## TASK STATEMENT:
In the entries below, which lines run from the one with "11月28日晚,志愿者们拿着" through the one with "企業擁有眾多國際領先的先進生"? Repeat exactly those, both included, and no pictures.

## EXTRACTED MATERIAL:
▼
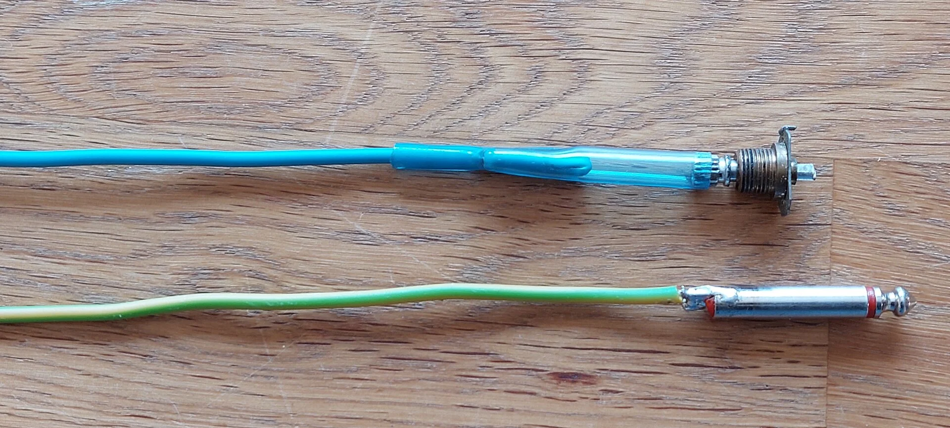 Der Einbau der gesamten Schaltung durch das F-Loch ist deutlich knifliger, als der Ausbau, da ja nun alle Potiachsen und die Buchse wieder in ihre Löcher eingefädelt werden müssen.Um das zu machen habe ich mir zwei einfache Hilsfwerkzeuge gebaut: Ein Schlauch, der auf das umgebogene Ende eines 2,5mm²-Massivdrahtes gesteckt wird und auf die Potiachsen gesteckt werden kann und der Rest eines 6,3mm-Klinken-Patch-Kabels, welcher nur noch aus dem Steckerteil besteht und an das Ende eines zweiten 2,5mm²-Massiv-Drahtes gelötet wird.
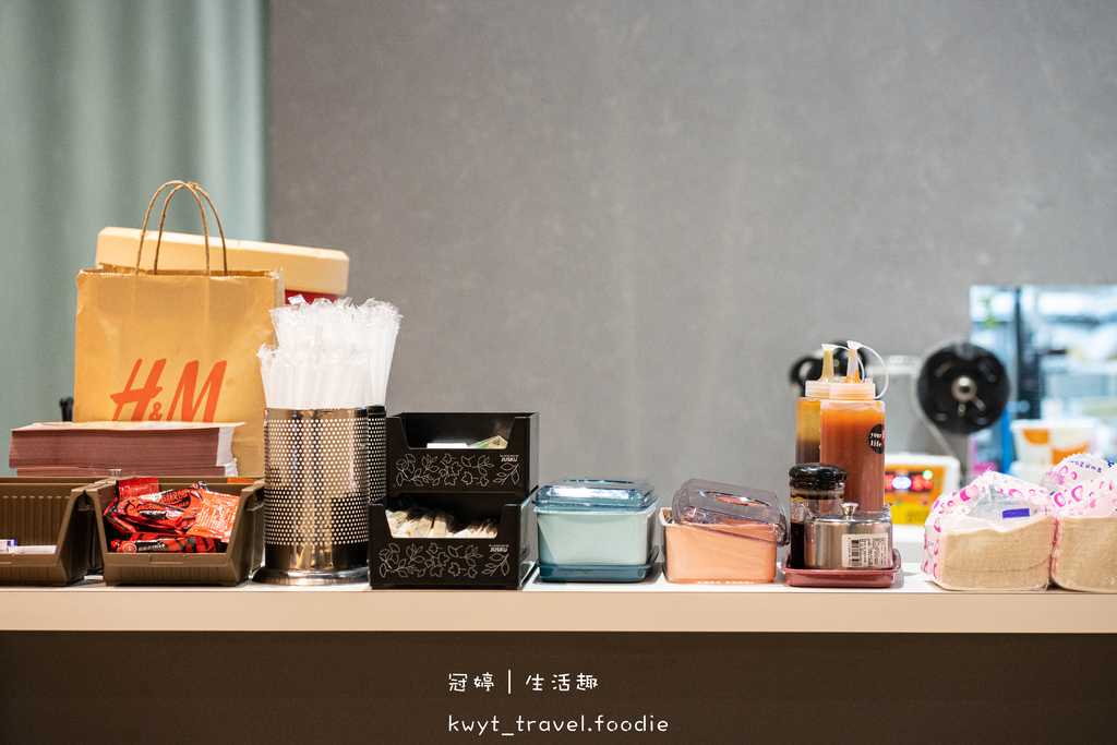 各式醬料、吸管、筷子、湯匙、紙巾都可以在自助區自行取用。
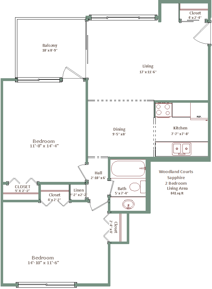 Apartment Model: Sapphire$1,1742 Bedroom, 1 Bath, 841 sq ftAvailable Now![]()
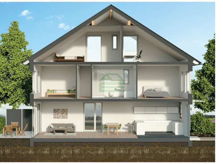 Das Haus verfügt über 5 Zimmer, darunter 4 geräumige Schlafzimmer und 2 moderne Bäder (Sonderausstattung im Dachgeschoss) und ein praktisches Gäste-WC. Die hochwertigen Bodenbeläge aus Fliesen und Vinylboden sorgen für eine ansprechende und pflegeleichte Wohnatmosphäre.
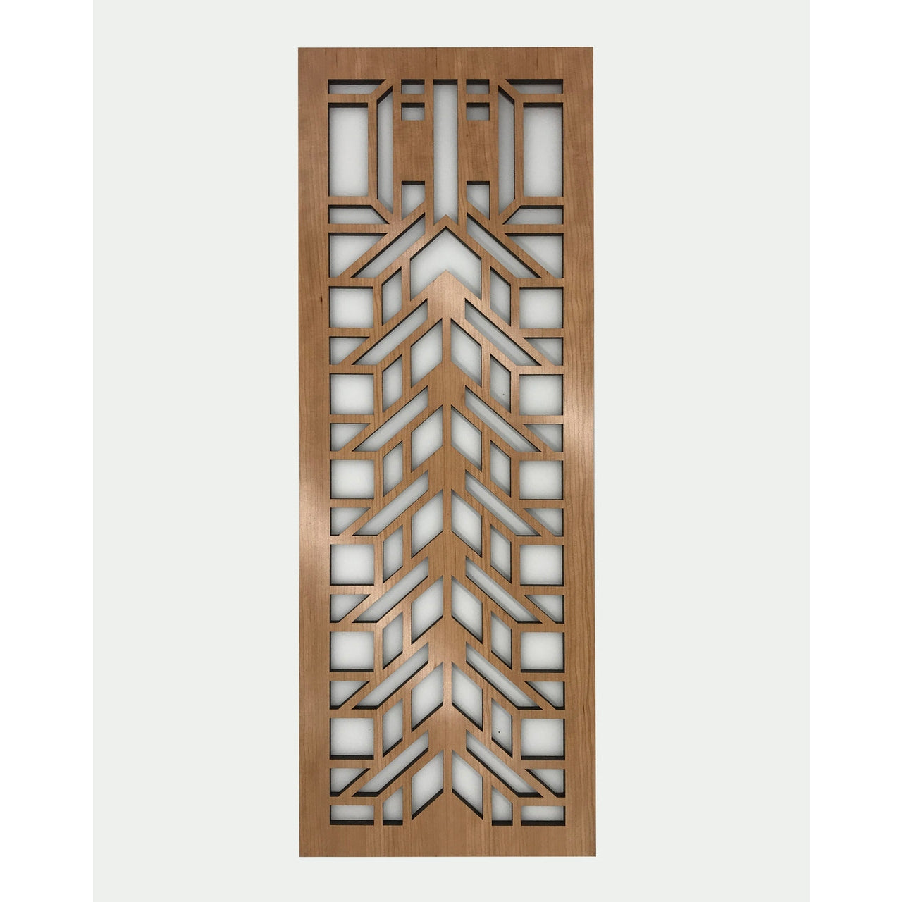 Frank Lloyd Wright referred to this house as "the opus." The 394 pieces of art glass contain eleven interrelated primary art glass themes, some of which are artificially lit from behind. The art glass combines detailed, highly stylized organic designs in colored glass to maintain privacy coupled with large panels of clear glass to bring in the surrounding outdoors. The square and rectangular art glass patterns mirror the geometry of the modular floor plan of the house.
▲
▼
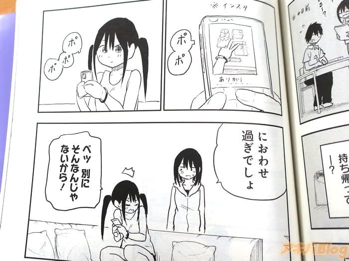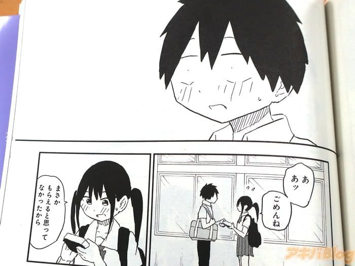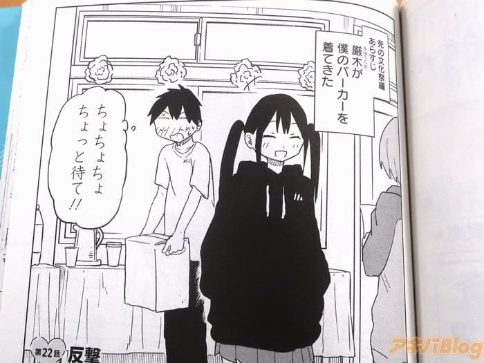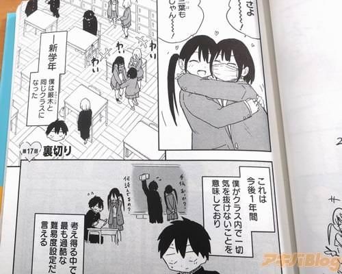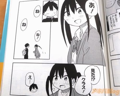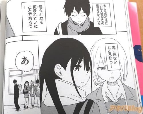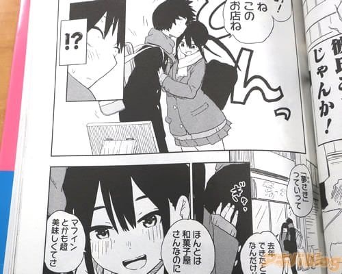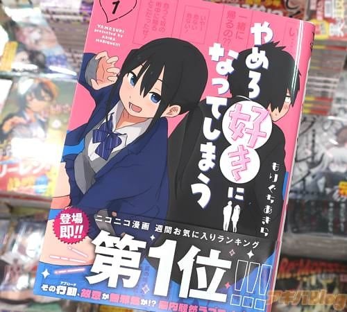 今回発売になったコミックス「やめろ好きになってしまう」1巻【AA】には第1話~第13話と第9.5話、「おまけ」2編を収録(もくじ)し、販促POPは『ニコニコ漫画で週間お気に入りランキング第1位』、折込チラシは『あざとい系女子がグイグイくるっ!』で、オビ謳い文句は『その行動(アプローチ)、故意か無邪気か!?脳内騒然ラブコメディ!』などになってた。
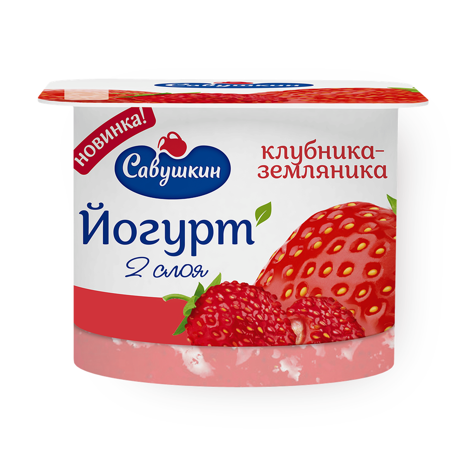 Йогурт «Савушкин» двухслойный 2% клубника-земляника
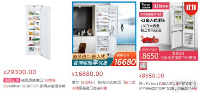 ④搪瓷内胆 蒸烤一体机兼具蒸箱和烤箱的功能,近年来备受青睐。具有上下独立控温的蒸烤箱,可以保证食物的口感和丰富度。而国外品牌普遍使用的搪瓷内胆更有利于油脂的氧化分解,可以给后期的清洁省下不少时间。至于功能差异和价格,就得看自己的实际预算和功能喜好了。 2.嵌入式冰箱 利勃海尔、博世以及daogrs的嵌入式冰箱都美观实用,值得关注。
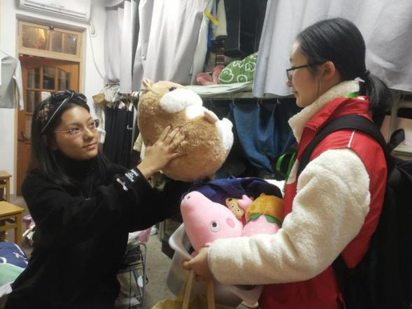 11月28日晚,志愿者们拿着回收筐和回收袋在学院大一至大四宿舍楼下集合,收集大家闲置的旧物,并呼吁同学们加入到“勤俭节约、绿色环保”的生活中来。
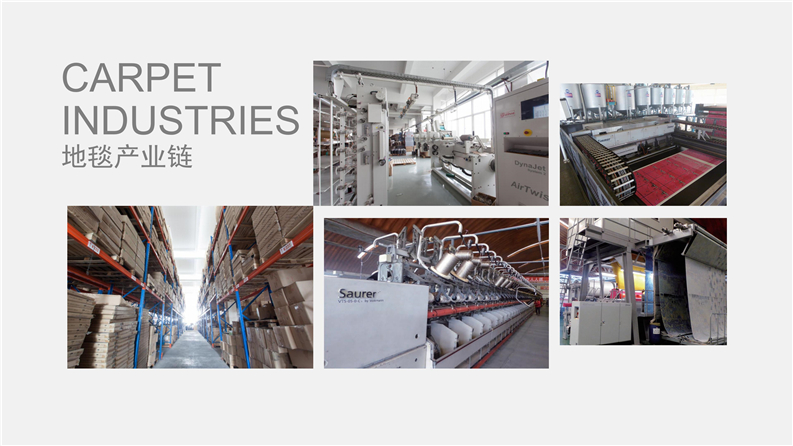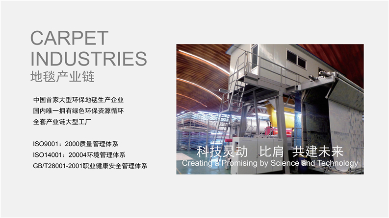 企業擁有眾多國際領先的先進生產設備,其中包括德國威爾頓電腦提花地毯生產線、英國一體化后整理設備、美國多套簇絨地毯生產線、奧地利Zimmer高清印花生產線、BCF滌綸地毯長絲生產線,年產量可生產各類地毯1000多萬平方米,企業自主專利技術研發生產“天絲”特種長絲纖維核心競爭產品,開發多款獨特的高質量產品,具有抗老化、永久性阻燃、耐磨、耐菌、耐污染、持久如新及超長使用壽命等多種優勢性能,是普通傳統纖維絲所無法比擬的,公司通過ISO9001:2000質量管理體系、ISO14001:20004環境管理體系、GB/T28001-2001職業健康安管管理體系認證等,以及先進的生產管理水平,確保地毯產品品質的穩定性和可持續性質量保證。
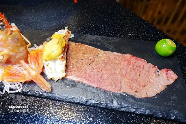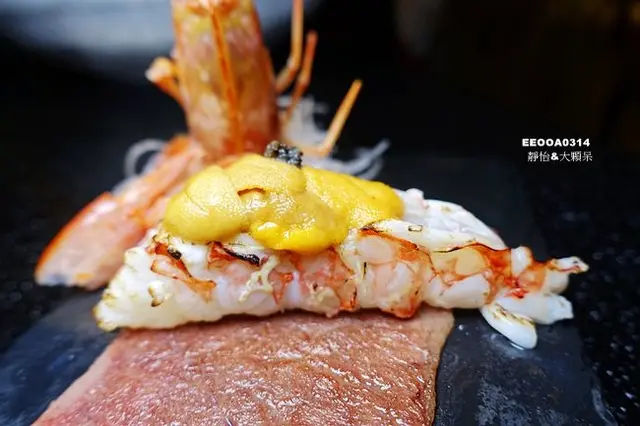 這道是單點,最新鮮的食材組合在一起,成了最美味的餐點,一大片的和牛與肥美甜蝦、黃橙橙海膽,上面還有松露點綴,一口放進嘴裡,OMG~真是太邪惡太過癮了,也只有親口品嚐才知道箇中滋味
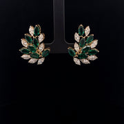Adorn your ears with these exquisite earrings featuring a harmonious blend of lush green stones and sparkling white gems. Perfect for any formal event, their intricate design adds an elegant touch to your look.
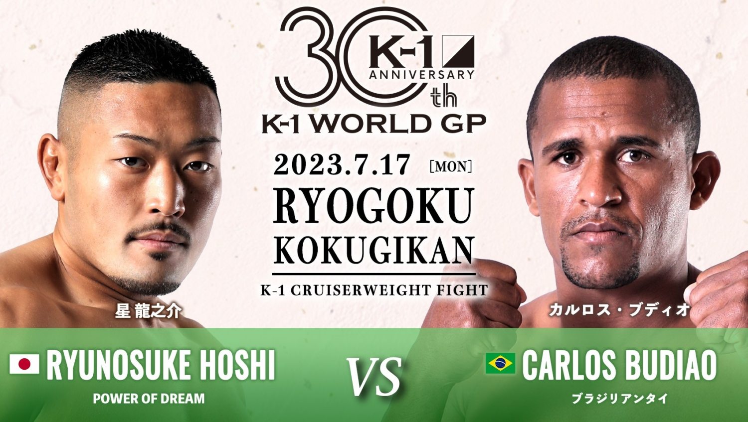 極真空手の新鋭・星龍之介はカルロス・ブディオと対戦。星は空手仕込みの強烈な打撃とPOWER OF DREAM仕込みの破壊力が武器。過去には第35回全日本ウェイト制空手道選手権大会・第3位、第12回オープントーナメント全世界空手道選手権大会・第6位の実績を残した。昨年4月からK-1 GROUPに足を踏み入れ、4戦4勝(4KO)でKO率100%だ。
▲
▼
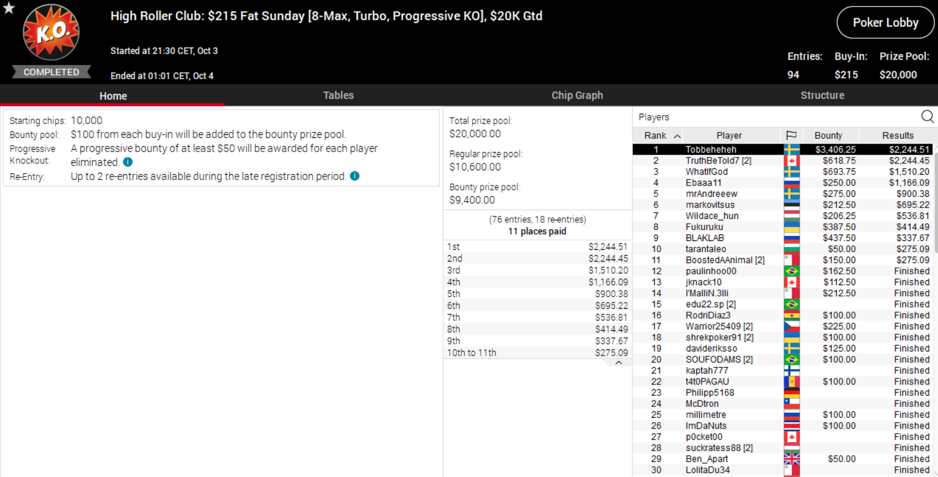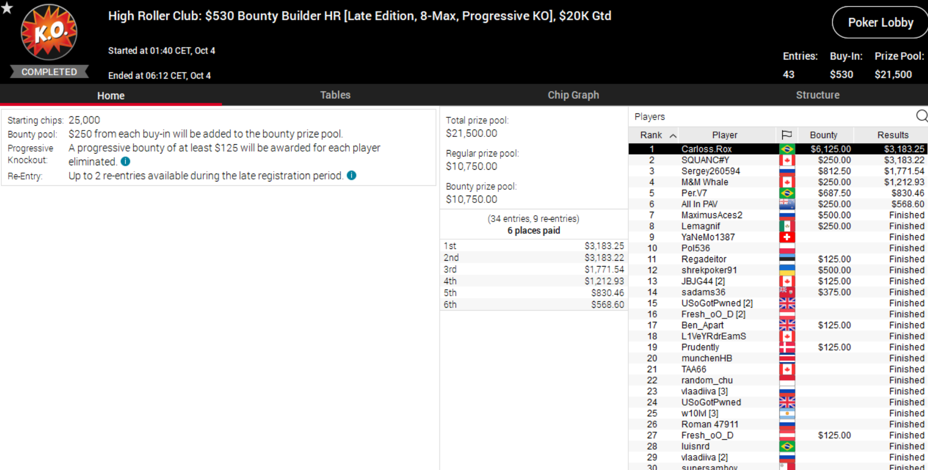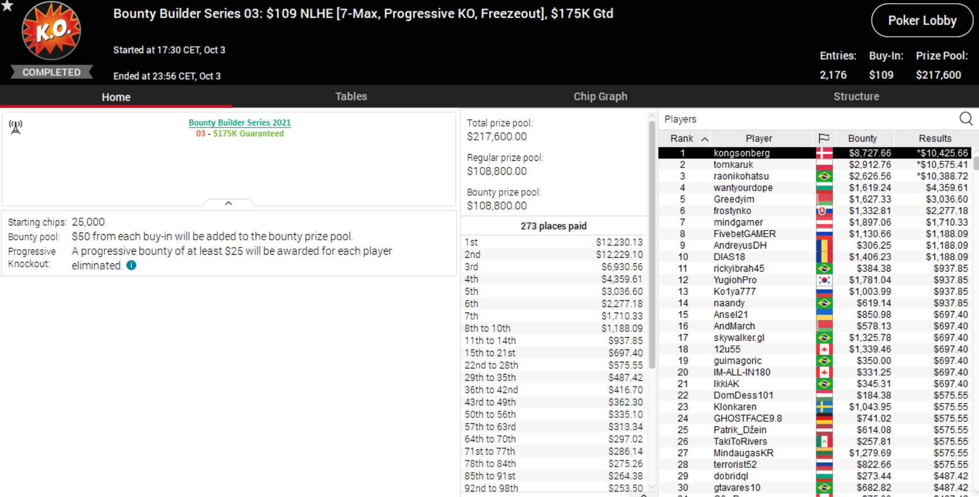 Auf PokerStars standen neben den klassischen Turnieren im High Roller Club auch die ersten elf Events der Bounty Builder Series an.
▲
## SOLUTION TO THE EXERCISE:
 11月28日晚,志愿者们拿着回收筐和回收袋在学院大一至大四宿舍楼下集合,收集大家闲置的旧物,并呼吁同学们加入到“勤俭节约、绿色环保”的生活中来。
 企業擁有眾多國際領先的先進生產設備,其中包括德國威爾頓電腦提花地毯生產線、英國一體化后整理設備、美國多套簇絨地毯生產線、奧地利Zimmer高清印花生產線、BCF滌綸地毯長絲生產線,年產量可生產各類地毯1000多萬平方米,企業自主專利技術研發生產“天絲”特種長絲纖維核心競爭產品,開發多款獨特的高質量產品,具有抗老化、永久性阻燃、耐磨、耐菌、耐污染、持久如新及超長使用壽命等多種優勢性能,是普通傳統纖維絲所無法比擬的,公司通過ISO9001:2000質量管理體系、ISO14001:20004環境管理體系、GB/T28001-2001職業健康安管管理體系認證等,以及先進的生產管理水平,確保地毯產品品質的穩定性和可持續性質量保證。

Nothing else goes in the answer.